Oleh: izydown
“Mentari pagi seolah lelah bermain bersama Bumi di pagi dan siang”.
“Mentari pagi seolah lelah bermain bersama Bumi di pagi dan siang”.
Senja
pun datang mengisyaratkan malam Akan tiba. “ Anas masih saja sibuk
bercanda dengan istri keduanya. Ia tak sadar kalau jam di dindingnya
sudah menunjukkan pukul 17. 30 waktu Malaysia. “Senja “di serawak begitu indah dengan mataharinya yang seolah redup.
Ya, betul sekali. Kitab – kitab tentang Islam adalah istri keduanya. Pasalnya Ia lebih sering bercanda dengan buku-bukunya di banding istrinya. Maklum Anas adalah “pengembara ilmu” dulunya di kala muda . Khususnya Ilmu Agama Islam.
“Anas “ pun segera membersihkan dirinya dengan mandi dan berWudhu’.
Tak lama Anas pun sudah rapi dengan baju Muslimnya. Tak lupa Kain sarung serta kopiah di kepalanya yang menandakan ia akan sholat Maghrib Berjamaah di Masjid dekat rumahnya..
“Rida”
Istri tercinta pun sudah siap untuk Sholat berjamaah . “ALLAHU AKBAR
ALLAHU AKBAR” penggilan kemenangan pun berkumandang. hentakan kaki
mengawali langkah mereka keluar rumah menuju masjid.
“Detik” pun berjalan dengan cepatnya. Sholat pun telah di tunaikan.
Mereka
pun segera bergegas pulang. Maklum “Salman” Anak pertama mereka masih
tertidur sejak sore tadi. Di Samping rida juga harus mempersiapkan
makan malam untuk suami dan anak yang tercinta.
“Salman”
pun bangun. Mereka menggelar makan malam yang sederhana. Seperti
malam-malam sebelumnya. dan tak lupa “Anas” memberikan tausiah rutin
kepada keluarganya Selepas makan selesai.
“Salman”
pun bertanya, Malam ini “Ayah” akan cerita apa. Walaupun Salman masih
berumur tiga tahun. Tapi ia sudah lancar berbicara. Dan selalu ikut
tausiah “Ayah”nya.
Baiklah.
Malam ini Ayah Akan berbicara tentang perjuangan Ayah dulu Mencari ilmu.

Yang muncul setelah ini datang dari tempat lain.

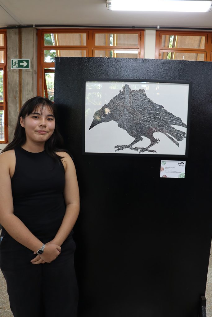 Livia Kaori Yamashita, estudante de Medicina Veterinária, participou do Por Extenso em 2025, ocasião em que ocorreu a primeira Mostra de Arte e Cultura. Neste ano, ao receber o formulário, ficou entusiasmada com a oportunidade e trouxe o desenho intitulado “Um Corvo de Acordo com Meu Coração”. A arte fala alto em sua vida, tanto que ao prestar vestibular, Yamashita enfrentou um de seus maiores dilemas: “escolher entre a área de biologia ou a área artística”. Unindo ambos, inscreveu-se na Mostra.
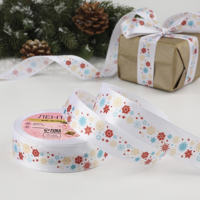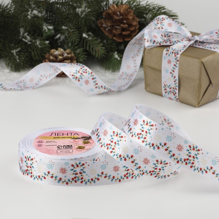 Лента атласная «Снежный карнавал», 25 мм, 23±1 м, белая
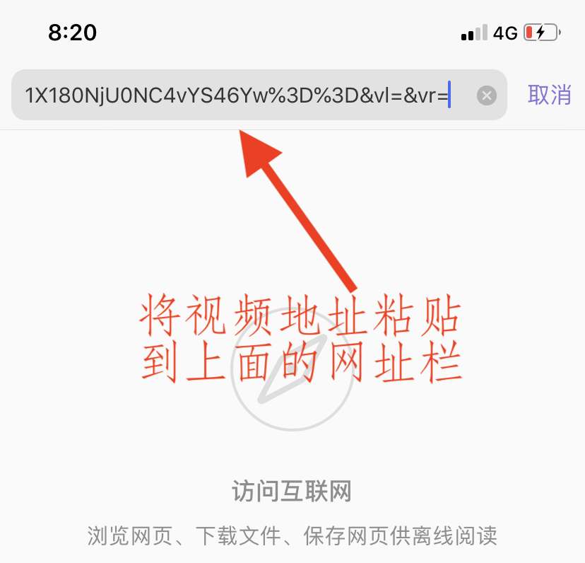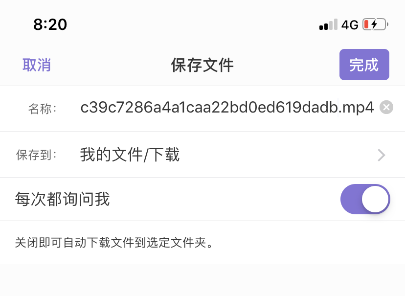 三、点击小程序的<复制视频地址>按钮,这是去水印后的mp4视频下载地址。打开Documents APP,点右下角浏览器按钮,打开Documents APP的内置浏览器,将刚才复制的视频地址粘贴到浏览器的网址栏,然后确定。这时候,会自动弹出保存文件的提示,直接点完成按钮即可。
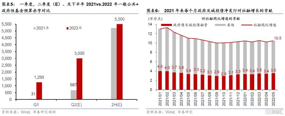 我們本套假設隱含的政策路徑假設爲2022年5-7月之間,穩增長政策力度最大,季度上看,對2022年2季度的財政赤字率以及社融增長的拉動效應最爲明顯。2022年4-5月,一般公共預算+政府性基金預算赤字分別達到8,068億和9,138億,比2021年4-5月的盈餘3,310億累計增加約2萬億,6月兩項財政赤字同比可能再度大幅擴張。由此,2022上半年兩項赤字擴張總額可能達到3.5-4萬億元。然而,由於2022人大公佈的全年一般公共和政府性基金預算赤字同比僅增加3.8萬億元,即使計入央行上繳一萬億及此前結轉資金,2022全年兩項赤字總額擴張的實際上限也可能僅4-5萬億元,即2022下半年剩餘財政擴張空間明顯收窄,且全年財政擴張同比幅度最大的季度爲2季度(圖表5,有關財政政策及路徑的具體討論,請參見第19頁的第5部分)。
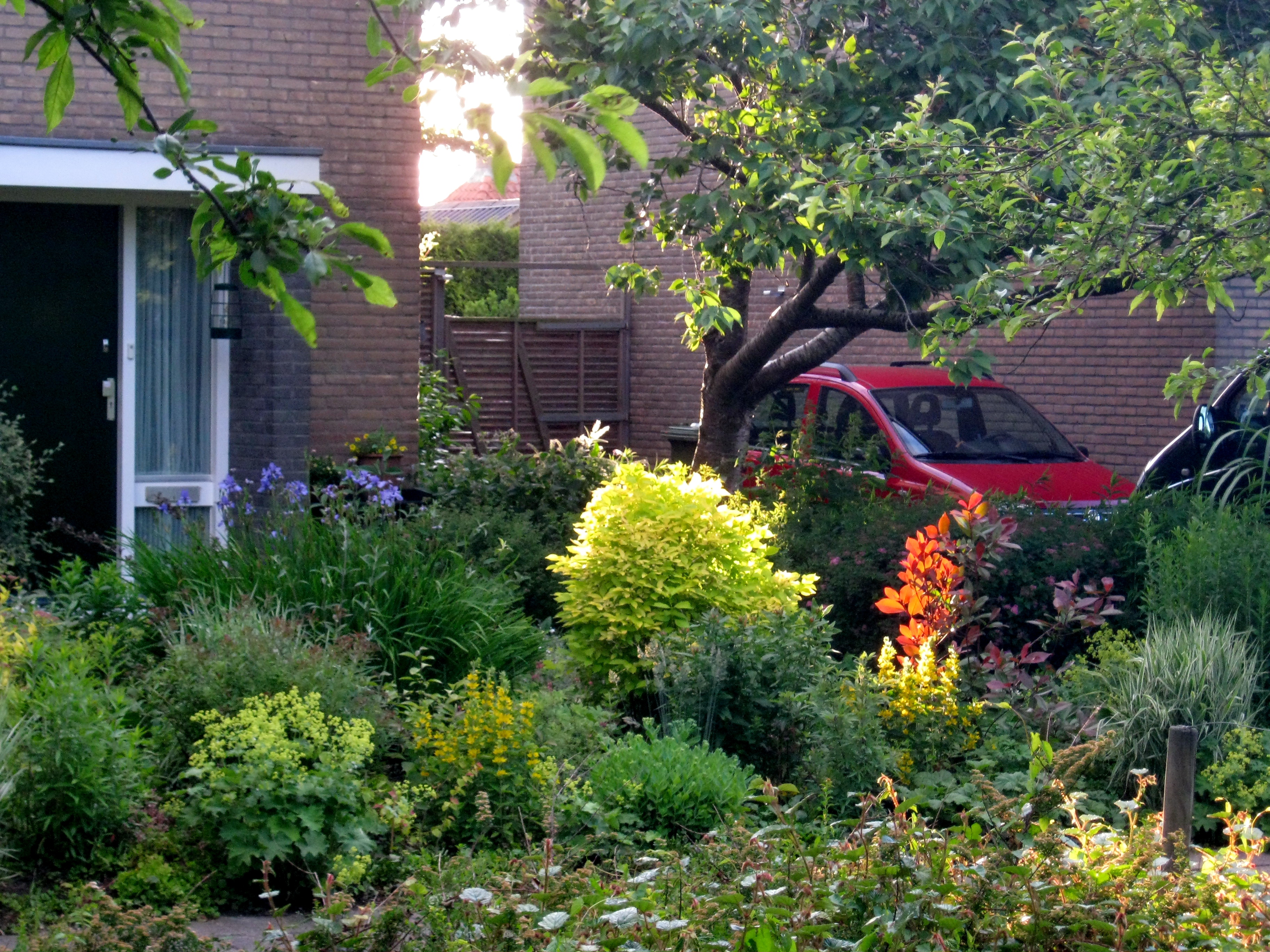 De voortuin bij onze huurwoning aan de Verlengde Oosterweg. Even zet het licht twee planten in het zonnetje…. De rest van de foto is flets, er zit weinig leven in….

Dan mendapatkan mimpi-mimpi Ayah Sewaktu di kampung dulu. emangnya
mimpi apa Ayah?. Celetuk “Salman.”. “Mimpi Anak Kampung Man”. Sambut
ayahnya.
Ayah mulai dari masa
kecil Ayah dulu. Abi di lahirkan di “Batang Natal” Sumatera Urara.
Dulunya Abi juga di ceritakan Kakek Abi. Kira – kira kelas enam SD lah.
Karena Abi Tidak pernah tahu dan melihat “Ibu” Abi. Begitu juga Ayah
Abi. Yang Abi Tahu Hanya kakek dan Bibik yang merawat Abi. Kata Kakek
Abi. Sejak Abi masih Di “Ayunan” Ayah Abi Sudah Meninggal. Ibu Abi Pergi
Meninggalkan Abi. Ia menikah lagi dengan orang padang. Sejak saat itu
Abi tidak pernah melihat Ibu. Terakhir Abi bertemu dengannya di saat Abi
telah Selesai Kuliah Di Al-Azhar Kairo,Mesir.
“Abi”
Sangat rindu dengan Ibu. Abi memeluknya dan menangis. Hampir 30 Tahun
Abi Tidak tahu IBu Abi. Dan Abi tidak Marah. Kalau. Abangnya Abi Selalu
marah pada Ibu. Bahkan Ia mengatakan, kalau ia tidak punya Ibu.di
karenakan di saat kami masih kecil Ibu tega menikah lagi. Bukannya
merawat kami,anaknya.
Tapi, Abi
Tidak tega. Karena ibulah kita lahir ke dunia ini. Azan Isya’ pun
kembali berkumandang. nanti aja Abi lanjutkan. Abi Ke Masjid dulu. “dik”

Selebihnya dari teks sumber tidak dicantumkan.